## Instructions to follow
Each entry below must be written out exactly, with pictures left out.

-- Opening Marker --

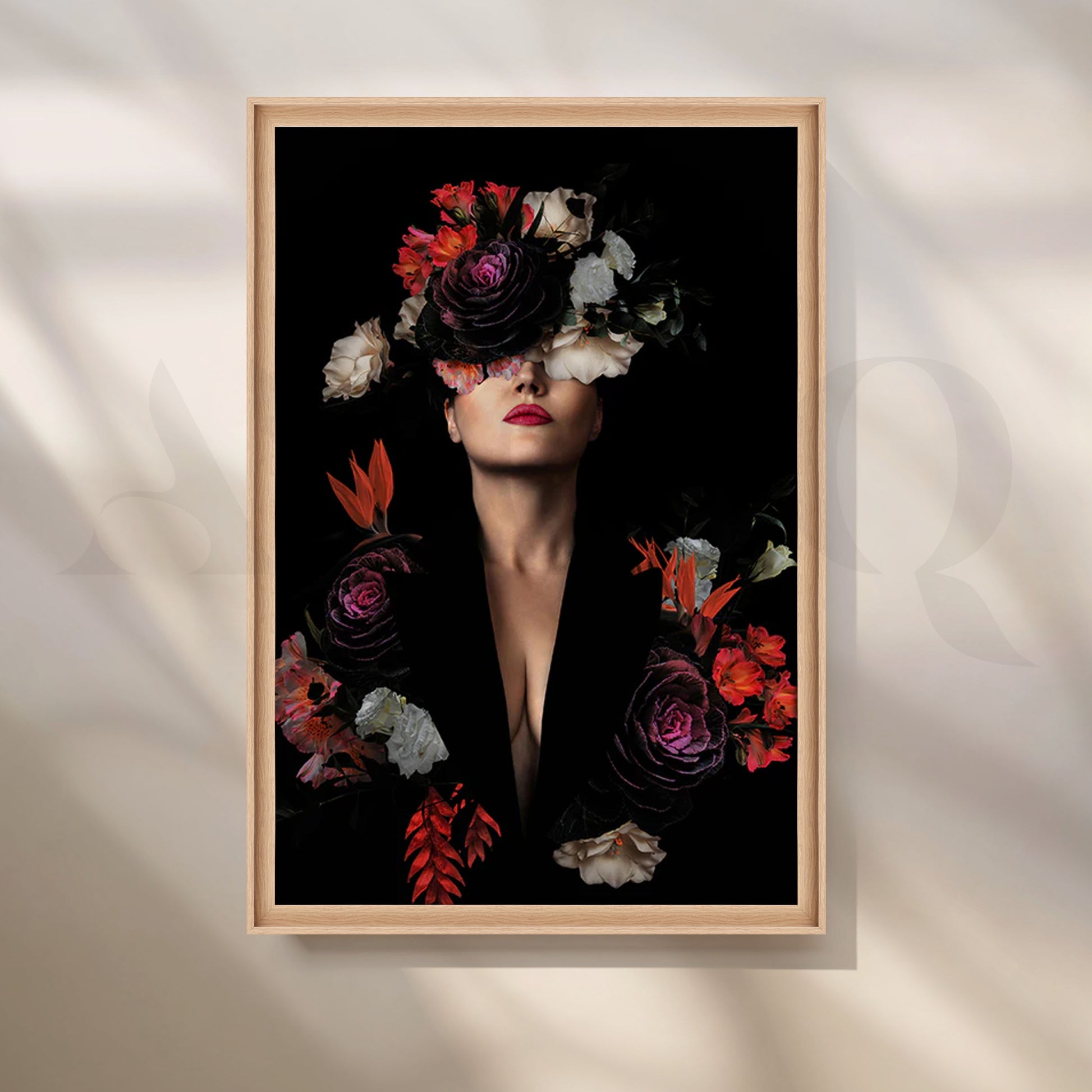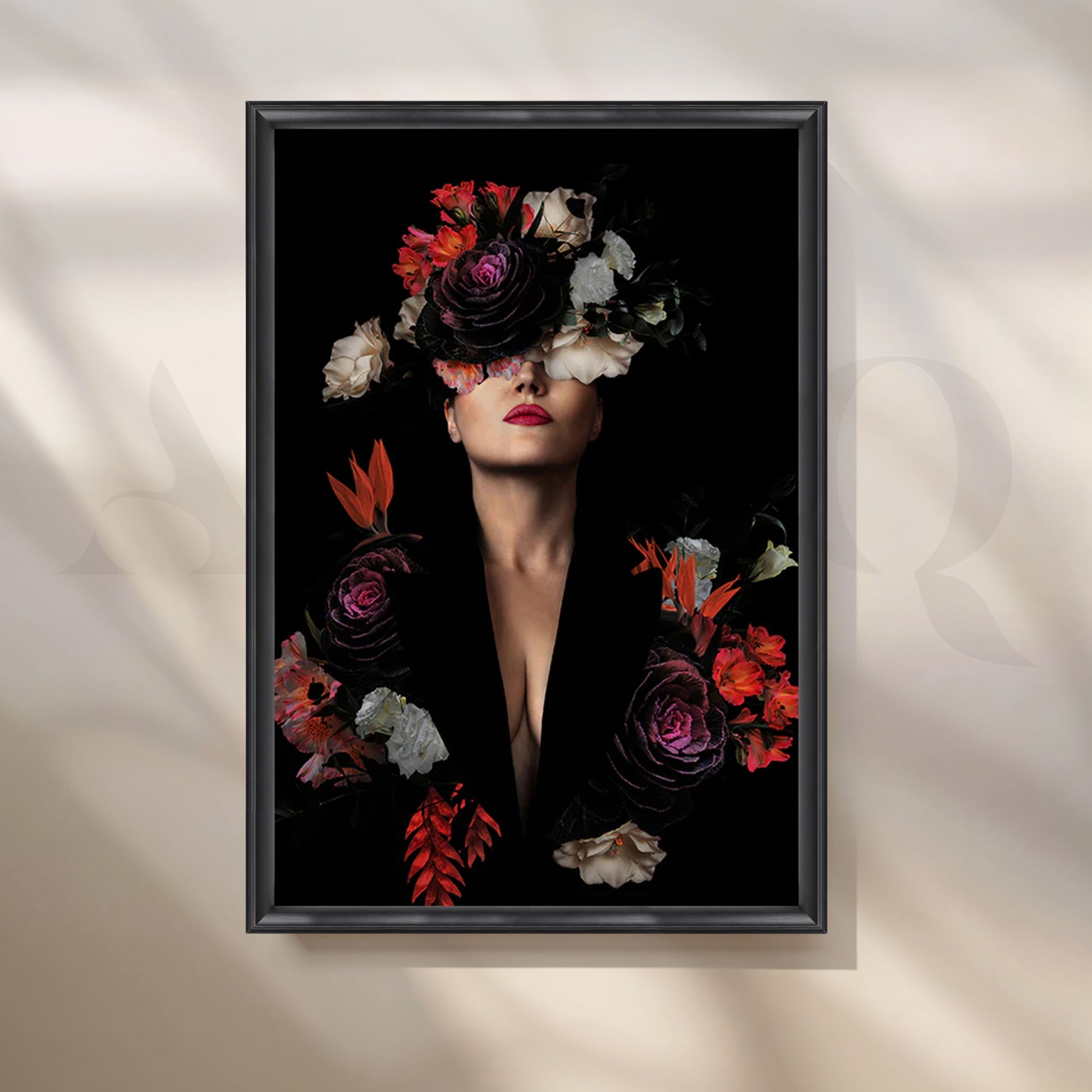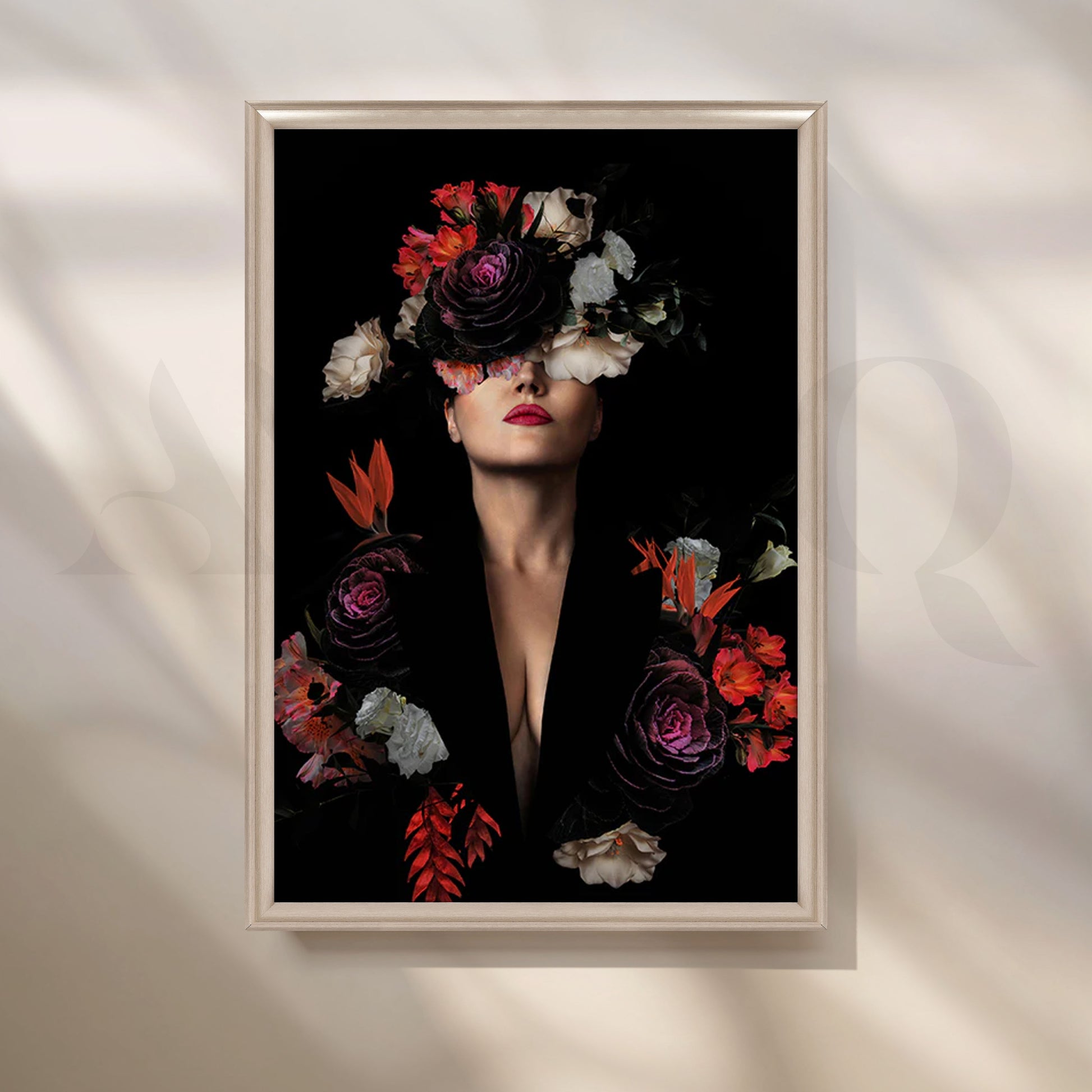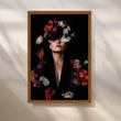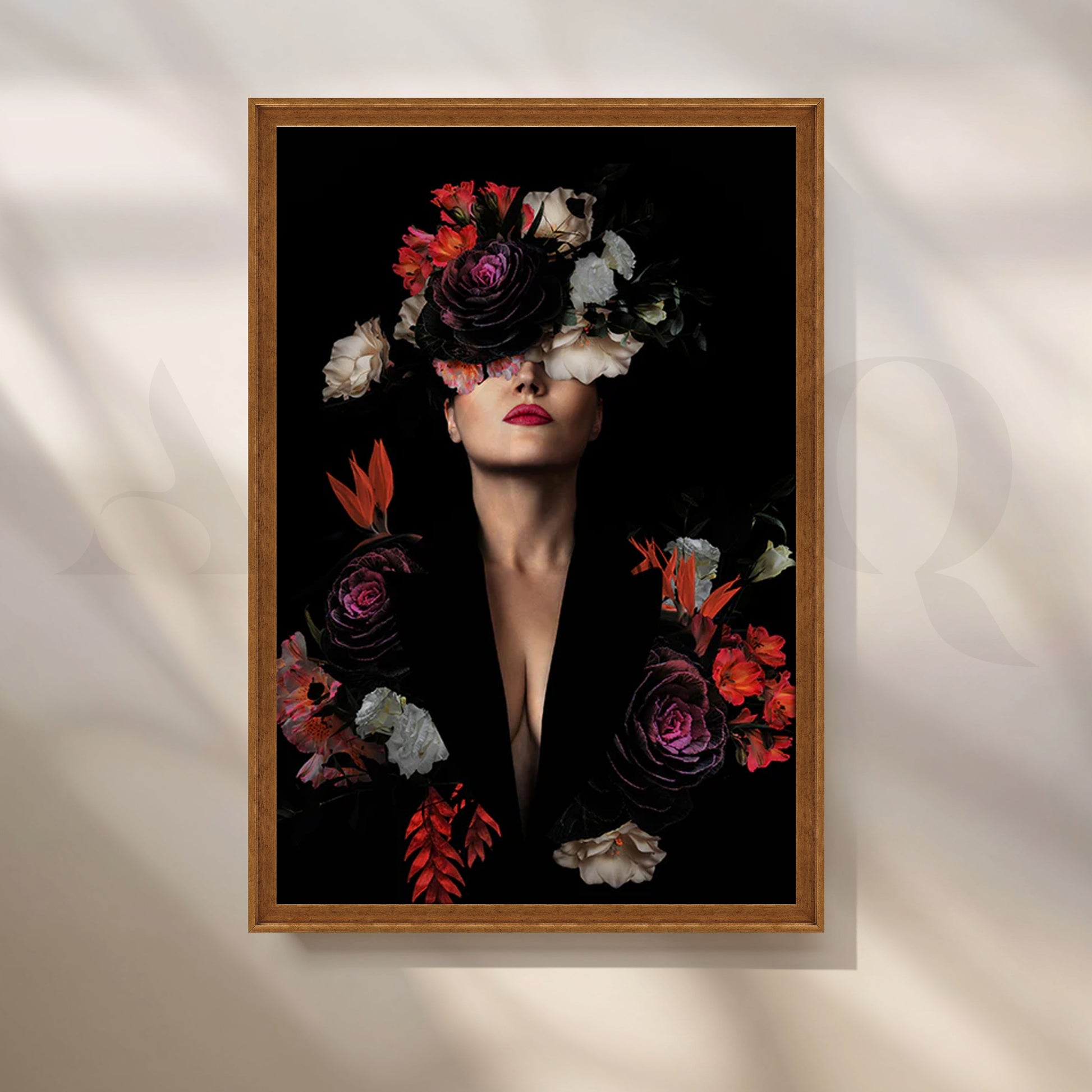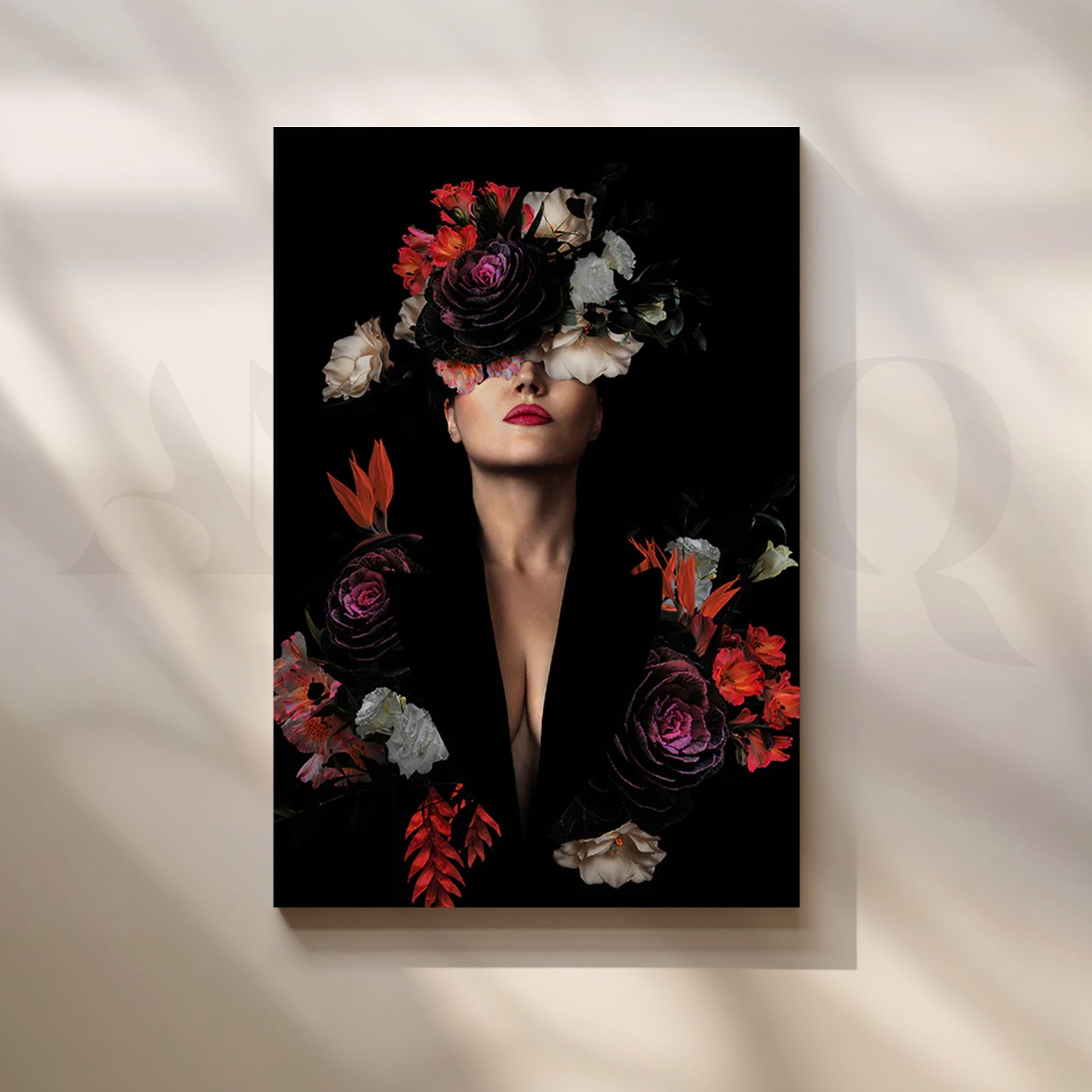 A couture-inspired portrait on a deep black ground: a poised figure in a plunging tuxedo jacket crowned with a lush floral halo—velvety roses, ivory blooms, fiery birds-of-paradise, and autumnal foliage. High-contrast lighting and rich jewel tones (plum, carmine, coral) create moody glamour with a modern, editorial edge. A striking statement for bedrooms, dressing rooms, boutique lobbies, salons, and luxe living spaces. Keywords: dark floral wall art, fashion portrait canvas, moody botanical decor, black background art print, femme fatale artwork, dramatic statement piece, floral crown painting, modern glam wall decor, editorial art for bedroom, luxury gallery canvas.
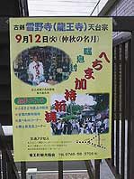 竜王町観光協会は、仲秋の名月の十二日に同町川守の龍王寺で営まれる「へちま封じ」=写真=のPRポスターを二百部発行し、町内外の公共施設などに配布した。
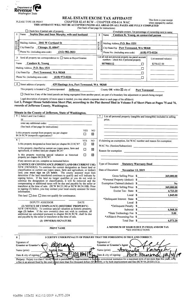 | 3 | 01/19/2009 | EASE | Assignment of Easement | DETHLEFSEN, GREGORY C | PUGET SOUND ENERGY INC | 0 | 0 | $500.00 | 112470 | 0 |
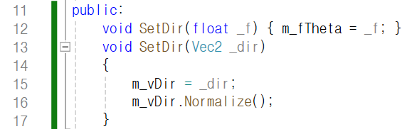 이렇게 정규화된 Vec2형 멤버 m_vDir의
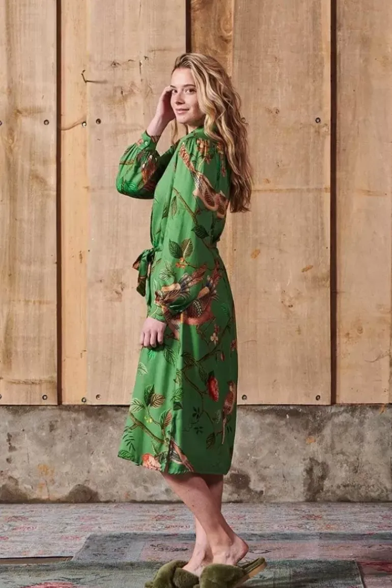 Deze Jurk In De Kleur Groen Is Uitgevoerd Met Het Rijke Good Nightingale Dessin. Het Herhaalde Bloemdessin Is Opgebouwd Uit Een Variatie Van Fantasierijke Chintz Bloemen En Vogels. Het Nachthemd Bevat Een V-Hals Kraag Hals Met Bijpassende Knopen.
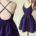 The Homecoming Dress Dark Navy Criss-Cross Straps Short Prom Dress PD370 gives you a classic and timeless look. with navy blue colouring and strappy criss-cross details. Perfect for any formal occasion. this simple and modest dress is guaranteed to make you stand out from the crowd.
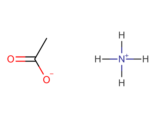 乙酸铵(ammonium acetate),又称醋酸铵,是一种有机化合物,结构简式为CH3COONH4,分子量为77.082,是一种有乙酸气味的白色晶体,可作为分析试剂和肉类防腐剂。其具有吸水性,易潮解,因此乙酸铵需要干燥保存,取用时应在干燥的环境中进行。
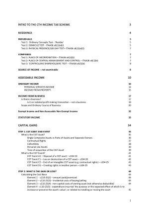 My professors were Miranda and Monica if that's useful info for you. These notes include everything from assessable income, CGT, residency and international taxation (which was examinable for us), income splitting rules, deductions, taxation of entities, capital expenditures and allowances, and tax planning information. There was no separate mid semester exam in my year like some prior ones so these notes include the entire course. I have the most relevant case law information and facts put in the section where it is directly applicable to what you're looking at on the exam, instead of having to flip back and forth all the time between cases and hypo notes info. I ended up having to take the supplementary exam and so I got extra time asking the professor questions and answering prior exams, which they extra bits of info and tips made their way into these notes Just to note, I recommend that if you use these notes without adjusting anything that you write the case names next to the section in which they fall under for the exam on the table of contents. I found that really helpful when I was in the exam for quick guidance and was something I did once I printed off my notes and was doing practice problems. Which I did have one friend use these notes without any adjustments who did the July intensive and the exam went well for her.
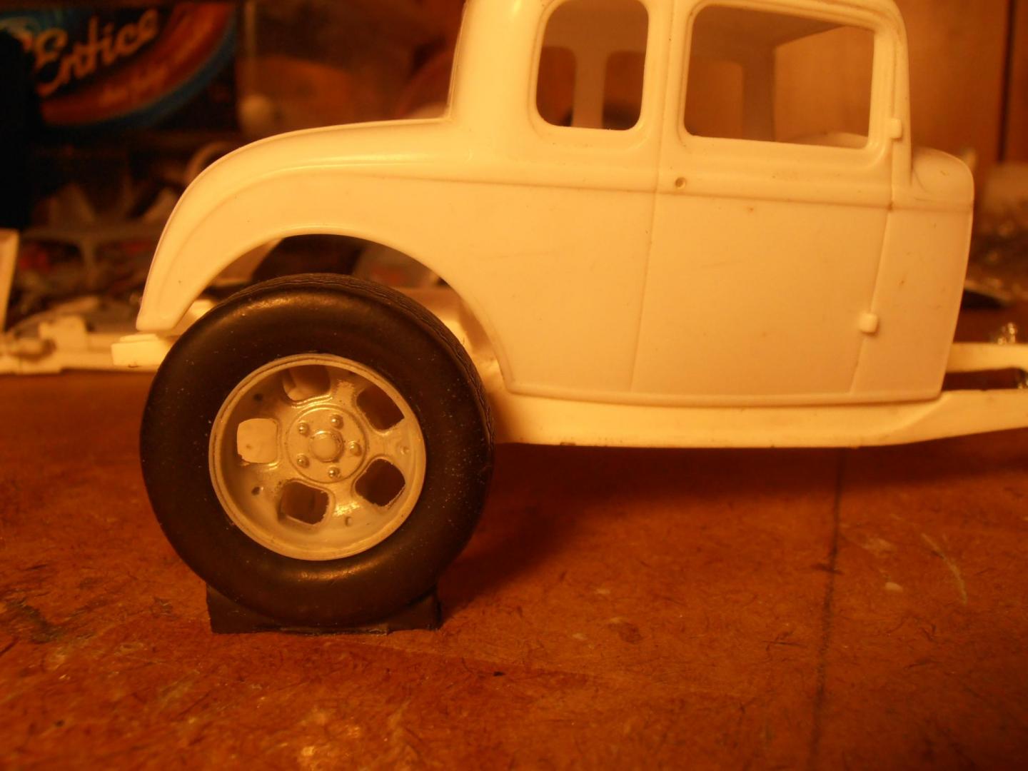 Here is another image of the same wheel in a different tyre, this is one of the resin tyres that was painted up. I have been casting all the wheels as well as an adapter that attaches to the large wheel hub, that replicates the star cap shaped hub on the small wheel shown in the first image. The only remaining task know is to make the backs for both wheels and the brakes for the rear ones and cast them up too. Once these tasks are complete, I can finish work on the five spoke versions that will run the same outer rim as these ones. These wheels fit neatly under all the Model A, 32 and 34 Kits I have tried out, with or with out fenders. I will have more photos once I have finished the five spoke versions.
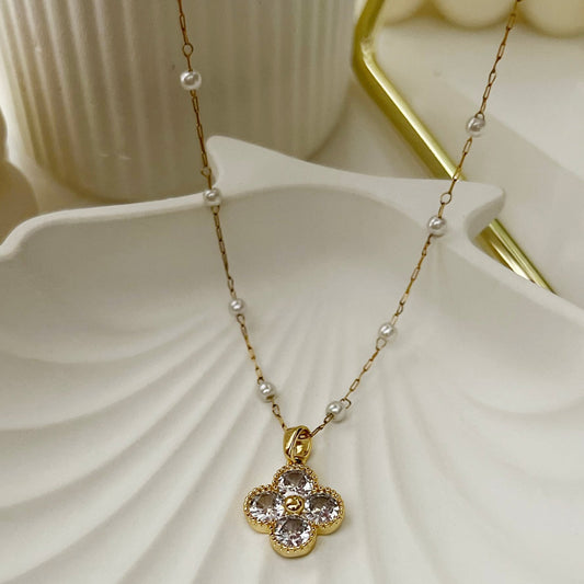 Statement Diamond Clover Necklace - 18k Gold Plated
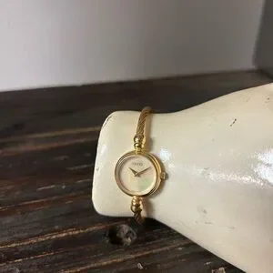 Gucci vintage women's watch wrap cable band with pearl face In working order!
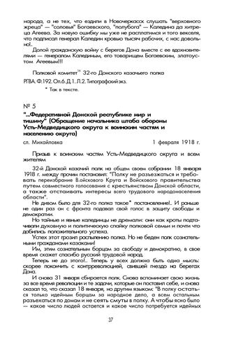 «...Федеративной Донской республике мир и тишину» (Обращение начальника штаба обороны Усть-Медведицкого округа к воинским частям и населению округа). Сл. Михайловка, 1 февраля 1918 г.

-- Closing Marker --

## Exercise answer
 A couture-inspired portrait on a deep black ground: a poised figure in a plunging tuxedo jacket crowned with a lush floral halo—velvety roses, ivory blooms, fiery birds-of-paradise, and autumnal foliage. High-contrast lighting and rich jewel tones (plum, carmine, coral) create moody glamour with a modern, editorial edge. A striking statement for bedrooms, dressing rooms, boutique lobbies, salons, and luxe living spaces. Keywords: dark floral wall art, fashion portrait canvas, moody botanical decor, black background art print, femme fatale artwork, dramatic statement piece, floral crown painting, modern glam wall decor, editorial art for bedroom, luxury gallery canvas.
 竜王町観光協会は、仲秋の名月の十二日に同町川守の龍王寺で営まれる「へちま封じ」=写真=のPRポスターを二百部発行し、町内外の公共施設などに配布した。
 | 3 | 01/19/2009 | EASE | Assignment of Easement | DETHLEFSEN, GREGORY C | PUGET SOUND ENERGY INC | 0 | 0 | $500.00 | 112470 | 0 |
 이렇게 정규화된 Vec2형 멤버 m_vDir의
 Deze Jurk In De Kleur Groen Is Uitgevoerd Met Het Rijke Good Nightingale Dessin. Het Herhaalde Bloemdessin Is Opgebouwd Uit Een Variatie Van Fantasierijke Chintz Bloemen En Vogels. Het Nachthemd Bevat Een V-Hals Kraag Hals Met Bijpassende Knopen.
 The Homecoming Dress Dark Navy Criss-Cross Straps Short Prom Dress PD370 gives you a classic and timeless look. with navy blue colouring and strappy criss-cross details. Perfect for any formal occasion. this simple and modest dress is guaranteed to make you stand out from the crowd.
 乙酸铵(ammonium acetate),又称醋酸铵,是一种有机化合物,结构简式为CH3COONH4,分子量为77.082,是一种有乙酸气味的白色晶体,可作为分析试剂和肉类防腐剂。其具有吸水性,易潮解,因此乙酸铵需要干燥保存,取用时应在干燥的环境中进行。
 My professors were Miranda and Monica if that's useful info for you. These notes include everything from assessable income, CGT, residency and international taxation (which was examinable for us), income splitting rules, deductions, taxation of entities, capital expenditures and allowances, and tax planning information. There was no separate mid semester exam in my year like some prior ones so these notes include the entire course. I have the most relevant case law information and facts put in the section where it is directly applicable to what you're looking at on the exam, instead of having to flip back and forth all the time between cases and hypo notes info. I ended up having to take the supplementary exam and so I got extra time asking the professor questions and answering prior exams, which they extra bits of info and tips made their way into these notes Just to note, I recommend that if you use these notes without adjusting anything that you write the case names next to the section in which they fall under for the exam on the table of contents. I found that really helpful when I was in the exam for quick guidance and was something I did once I printed off my notes and was doing practice problems. Which I did have one friend use these notes without any adjustments who did the July intensive and the exam went well for her.
 Here is another image of the same wheel in a different tyre, this is one of the resin tyres that was painted up. I have been casting all the wheels as well as an adapter that attaches to the large wheel hub, that replicates the star cap shaped hub on the small wheel shown in the first image. The only remaining task know is to make the backs for both wheels and the brakes for the rear ones and cast them up too. Once these tasks are complete, I can finish work on the five spoke versions that will run the same outer rim as these ones. These wheels fit neatly under all the Model A, 32 and 34 Kits I have tried out, with or with out fenders. I will have more photos once I have finished the five spoke versions.
 Statement Diamond Clover Necklace - 18k Gold Plated
 Gucci vintage women's watch wrap cable band with pearl face In working order!
 «...Федеративной Донской республике мир и тишину» (Обращение начальника штаба обороны Усть-Медведицкого округа к воинским частям и населению округа). Сл. Михайловка, 1 февраля 1918 г.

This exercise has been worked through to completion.